___ Records supplied ___

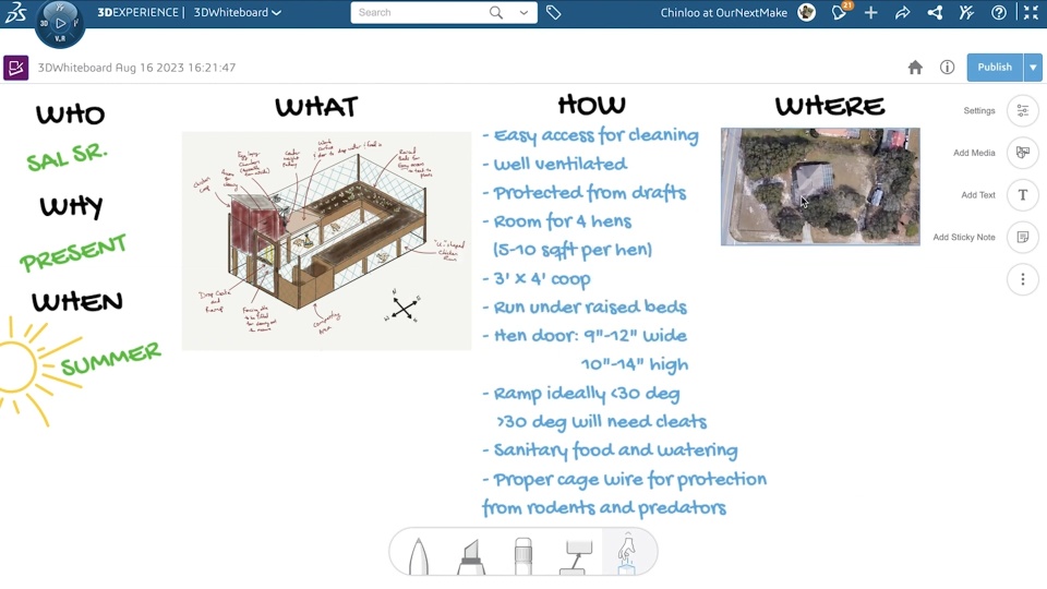 This year, we decided to build him a chicken coop so he could realize his dream. We brainstormed and captured our research in a 3D Whiteboard...
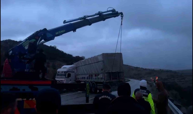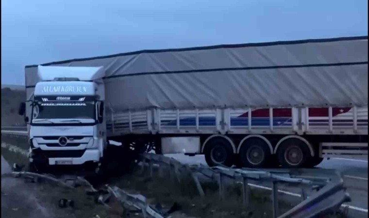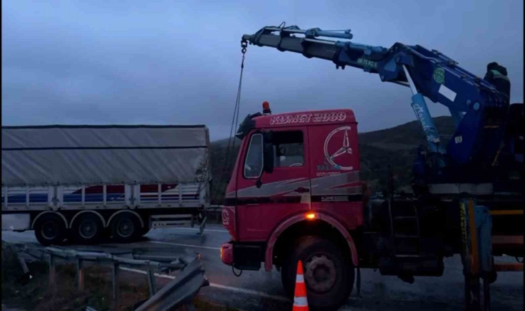 Balıkesir’de Gönen-Bandırma karayolunda kontrolden çıkan tırın refüje çarptığı kazada maddi hasar meydana geldi.
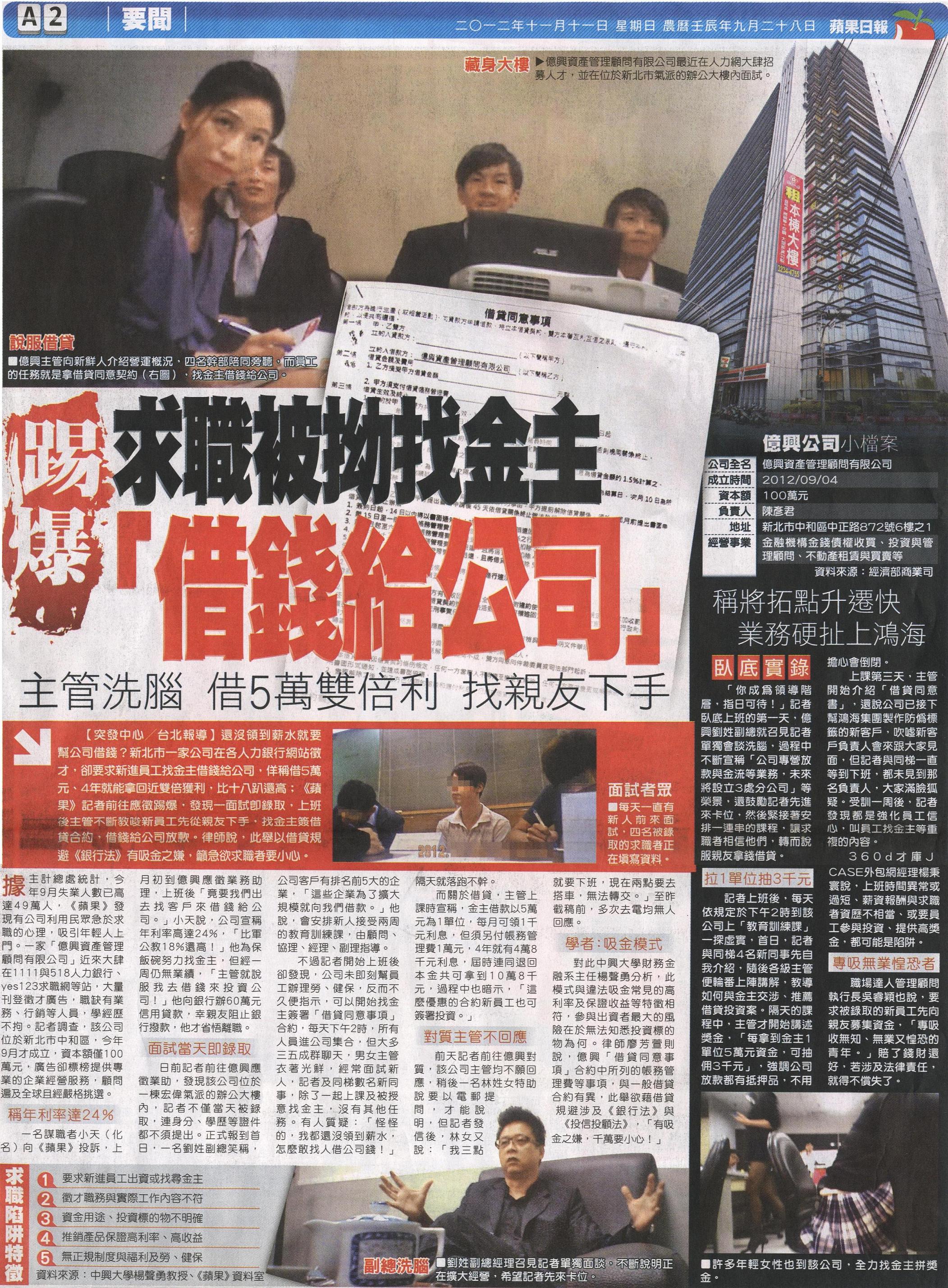 稱年利率達24% 一名謀職者小天(化名)向《蘋果》投訴,上月初到億興應徵業務助理,上班後「竟要我們出去找客戶來借錢給公司。」小天說,公司宣稱年利率高達24%,「比軍公教18%還高!」他為保飯碗努力找金主,但經一周仍無業績,「主管就說服我去借錢來投資公司!」他向銀行辦60萬元信用貸款,幸親友阻止銀行撥款,他才省悟離職。
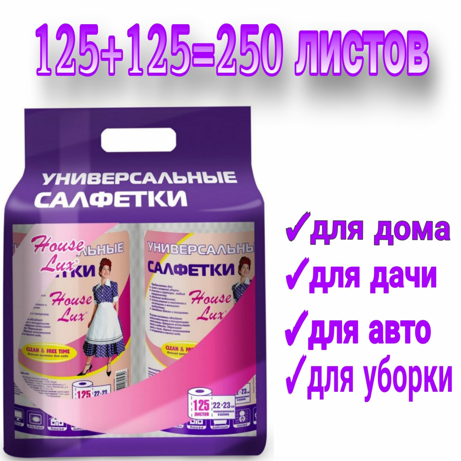 Универсальные салфетки House Lux, 2*125 листов в рулоне, 22*23 см.
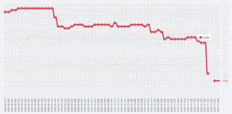另外,生物信息公司Illumina(ILMN.O)一直是ARK的重仓股。据最新披露的13F文件显示,截至9月30日,ARK持有Illumina 978,663股股份,市值约3亿美元。今年9月,有市场消息称,Illumina正洽谈以超过80亿美元的价格收购癌症筛查公司Grail。消息公布后,Illumina当日收盘大跌8.6%。据报道,在消息传出后,ARK也减持了7.5%的股份。9月下旬,Illumina的最低点到了260.42美元,为4月以来最低。此后,ARK也一直在减持Illumina。就在昨日(24日),ARKG减持该公司32,368股股份,完成清仓。
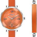 Женские часы Lee Cooper LC07813.380 выполнены в классическом стиле и сочетают строгий дизайн с надёжным механизмом. Модель оснащена кварцевым механизмом, обеспечивающим точность хода и минимальное обслуживание. Корпус круглой формы имеет размер 32 мм, изготовлен из суперметалла, гарантирует комфорт при ношении. Циферблат оранжевого цвета дополнен индексами для чёткого отсчёта времени. Защиту циферблата обеспечивает минеральное стеклоМинеральное стеклоМинеральное стекло представляет собой искусственно выращенный минерал кварца. Такое стекло отличается особой устойчивостью к повреждениям и царапинам. Уступает по некоторым качествам сапфировому стеклу., устойчивое к мелким механическим повреждениям. Изысканный стальной браслет с керамическими вставками на раскладной застёжкеРаскладная застёжкаТакой тип застёжки используется только на браслетах из металла. Она никогда не раскрывается полностью, происходит разделение на 2 и более частей. Раскладывающая застёжка снизит вероятность потери часов к минимуму. гарантирует комфортную посадку на запястье. Водозащита 3 АТМ позволяет использовать часы в повседневных условиях без риска повреждения от случайных брызг воды. В комплекте к часам идет дополнительный браслет в цвет часов. Это сочетание классического дизайна, прочности материалов и качества исполнения для уверенных в себе женщин.
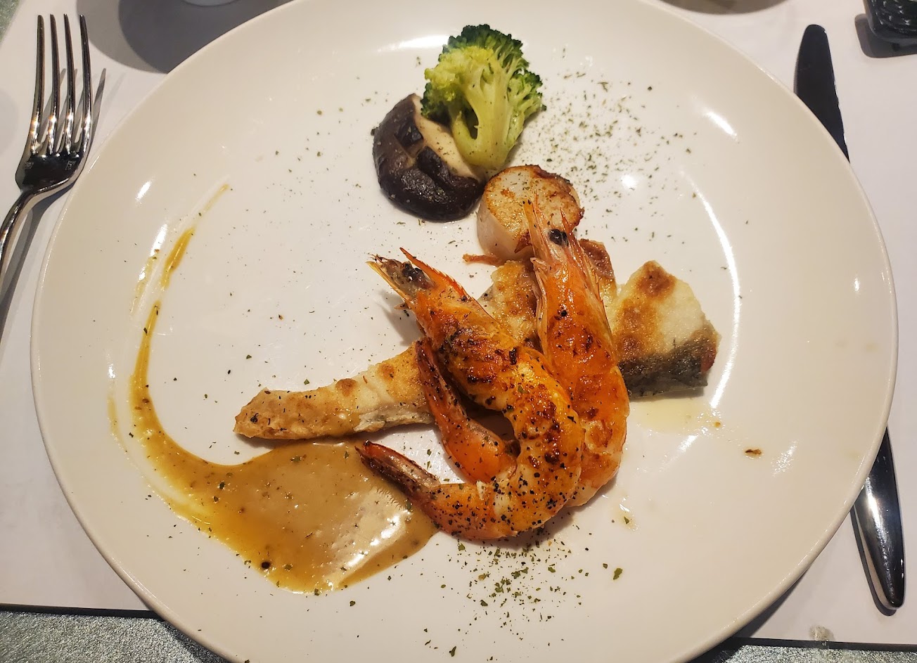 今天選用商業套餐-香酥雞排,湯品為洋蔥湯味道濃郁好喝,海鮮的部分時令鮮魚、草蝦、干貝搭配醬料十分爽口,主餐香酥雞排上有滿滿的香料(建議可以要一碗白飯)非常的下飯,甜品選擇奶酪算不錯吃,免費續杯的檸檬冰沙真的好喝(大概喝了10杯),服務生態度非常熱情親切,好餐廳!
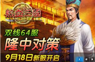 4399《热血三国》强势再开新章,九月1.20新版“剑啸洛阳”隆重登场。正式开放包括成就系统、联盟领土、俘虏系统……等十数个全新系统。为迎接新版本的上线,4399《热血三国》双线六十四服【隆中对策】于2009年9月18日13:00火爆开服!全新的内容,全新的期待。为满足玩家对于新版本的好奇和期待,帮助大家在新服快速发展,现特别在新服推出优惠活动,奖励多多,精彩不断,大家不要错过哦!第一时间加入我们的新服,让你成为真正的英雄。

___

▸ Instructions for the task: The exact lines from the beginning of the data through the one that contains "另外,生物信息公司Illum" must be given again, both ends included, and pictures must be left out.

▸ Answer for this exercise:
 This year, we decided to build him a chicken coop so he could realize his dream. We brainstormed and captured our research in a 3D Whiteboard...
 Balıkesir’de Gönen-Bandırma karayolunda kontrolden çıkan tırın refüje çarptığı kazada maddi hasar meydana geldi.
 稱年利率達24% 一名謀職者小天(化名)向《蘋果》投訴,上月初到億興應徵業務助理,上班後「竟要我們出去找客戶來借錢給公司。」小天說,公司宣稱年利率高達24%,「比軍公教18%還高!」他為保飯碗努力找金主,但經一周仍無業績,「主管就說服我去借錢來投資公司!」他向銀行辦60萬元信用貸款,幸親友阻止銀行撥款,他才省悟離職。
 Универсальные салфетки House Lux, 2*125 листов в рулоне, 22*23 см.
另外,生物信息公司Illumina(ILMN.O)一直是ARK的重仓股。据最新披露的13F文件显示,截至9月30日,ARK持有Illumina 978,663股股份,市值约3亿美元。今年9月,有市场消息称,Illumina正洽谈以超过80亿美元的价格收购癌症筛查公司Grail。消息公布后,Illumina当日收盘大跌8.6%。据报道,在消息传出后,ARK也减持了7.5%的股份。9月下旬,Illumina的最低点到了260.42美元,为4月以来最低。此后,ARK也一直在减持Illumina。就在昨日(24日),ARKG减持该公司32,368股股份,完成清仓。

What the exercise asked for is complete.